(Excerpted records begins)

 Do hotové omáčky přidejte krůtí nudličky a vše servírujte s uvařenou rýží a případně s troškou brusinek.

(Excerpted records ends)
(Excerpted records begins)

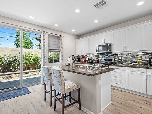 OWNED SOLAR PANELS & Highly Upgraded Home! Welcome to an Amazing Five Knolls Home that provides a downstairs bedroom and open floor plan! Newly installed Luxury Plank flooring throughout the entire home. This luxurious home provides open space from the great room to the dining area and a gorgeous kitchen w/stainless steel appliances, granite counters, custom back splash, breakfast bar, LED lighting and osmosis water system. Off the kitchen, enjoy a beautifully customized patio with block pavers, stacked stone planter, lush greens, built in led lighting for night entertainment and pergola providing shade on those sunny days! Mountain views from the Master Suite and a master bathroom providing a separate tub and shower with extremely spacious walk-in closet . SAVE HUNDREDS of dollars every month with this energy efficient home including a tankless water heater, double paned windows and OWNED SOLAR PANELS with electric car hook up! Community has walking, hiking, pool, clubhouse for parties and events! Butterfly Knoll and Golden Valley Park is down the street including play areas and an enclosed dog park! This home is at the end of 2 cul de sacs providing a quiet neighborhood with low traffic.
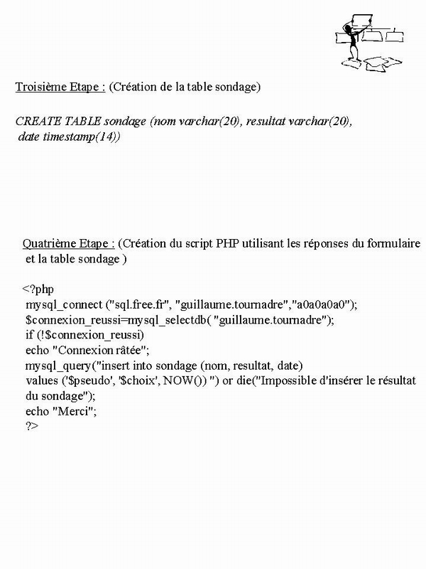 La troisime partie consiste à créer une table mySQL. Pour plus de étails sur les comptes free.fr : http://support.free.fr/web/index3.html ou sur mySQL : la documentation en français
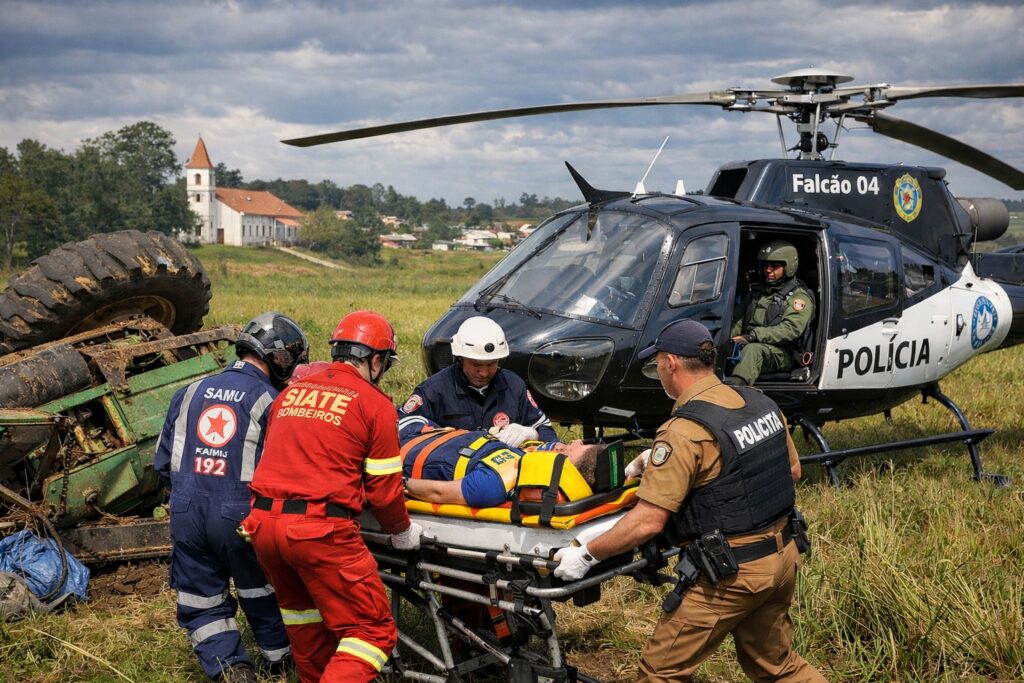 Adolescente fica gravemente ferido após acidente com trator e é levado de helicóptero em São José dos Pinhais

(Excerpted records ends)
(Excerpted records begins)

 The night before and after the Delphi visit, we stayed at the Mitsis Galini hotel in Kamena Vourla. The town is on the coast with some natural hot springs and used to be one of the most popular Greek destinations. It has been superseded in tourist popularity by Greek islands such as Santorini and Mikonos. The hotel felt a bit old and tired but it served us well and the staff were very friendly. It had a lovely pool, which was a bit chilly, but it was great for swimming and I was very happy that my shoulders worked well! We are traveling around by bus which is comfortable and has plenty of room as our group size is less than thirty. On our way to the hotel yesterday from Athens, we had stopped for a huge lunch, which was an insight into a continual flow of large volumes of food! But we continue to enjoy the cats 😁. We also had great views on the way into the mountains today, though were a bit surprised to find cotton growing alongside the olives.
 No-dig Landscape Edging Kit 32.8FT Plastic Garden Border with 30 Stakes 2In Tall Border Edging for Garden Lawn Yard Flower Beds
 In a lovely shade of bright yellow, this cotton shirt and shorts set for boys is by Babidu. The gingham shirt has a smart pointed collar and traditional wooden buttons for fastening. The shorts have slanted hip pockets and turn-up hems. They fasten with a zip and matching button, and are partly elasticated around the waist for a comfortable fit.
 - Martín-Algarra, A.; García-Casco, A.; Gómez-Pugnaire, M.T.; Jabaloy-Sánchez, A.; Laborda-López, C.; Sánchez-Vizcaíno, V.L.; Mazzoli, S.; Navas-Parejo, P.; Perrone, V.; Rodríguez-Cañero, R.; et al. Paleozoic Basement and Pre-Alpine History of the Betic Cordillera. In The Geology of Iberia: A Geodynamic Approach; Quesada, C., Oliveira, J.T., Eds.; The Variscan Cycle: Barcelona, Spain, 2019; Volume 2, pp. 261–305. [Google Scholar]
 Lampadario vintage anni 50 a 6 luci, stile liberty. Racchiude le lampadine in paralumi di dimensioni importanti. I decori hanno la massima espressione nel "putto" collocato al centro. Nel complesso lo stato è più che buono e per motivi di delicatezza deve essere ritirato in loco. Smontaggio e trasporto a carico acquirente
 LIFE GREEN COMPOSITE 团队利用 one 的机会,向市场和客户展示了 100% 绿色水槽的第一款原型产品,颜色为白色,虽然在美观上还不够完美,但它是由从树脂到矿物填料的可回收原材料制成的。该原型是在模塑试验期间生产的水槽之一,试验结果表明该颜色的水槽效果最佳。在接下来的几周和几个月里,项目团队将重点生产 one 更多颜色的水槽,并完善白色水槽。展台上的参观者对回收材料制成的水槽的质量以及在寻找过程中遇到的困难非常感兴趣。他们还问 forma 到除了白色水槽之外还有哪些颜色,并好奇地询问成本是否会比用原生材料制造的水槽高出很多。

(Excerpted records ends)

Send back exactly the lines of the listing above starting at the one with "No-dig Landscape Edging" and ending at the one with "In a lovely", inclusive, and no others.

 No-dig Landscape Edging Kit 32.8FT Plastic Garden Border with 30 Stakes 2In Tall Border Edging for Garden Lawn Yard Flower Beds
 In a lovely shade of bright yellow, this cotton shirt and shorts set for boys is by Babidu. The gingham shirt has a smart pointed collar and traditional wooden buttons for fastening. The shorts have slanted hip pockets and turn-up hems. They fasten with a zip and matching button, and are partly elasticated around the waist for a comfortable fit.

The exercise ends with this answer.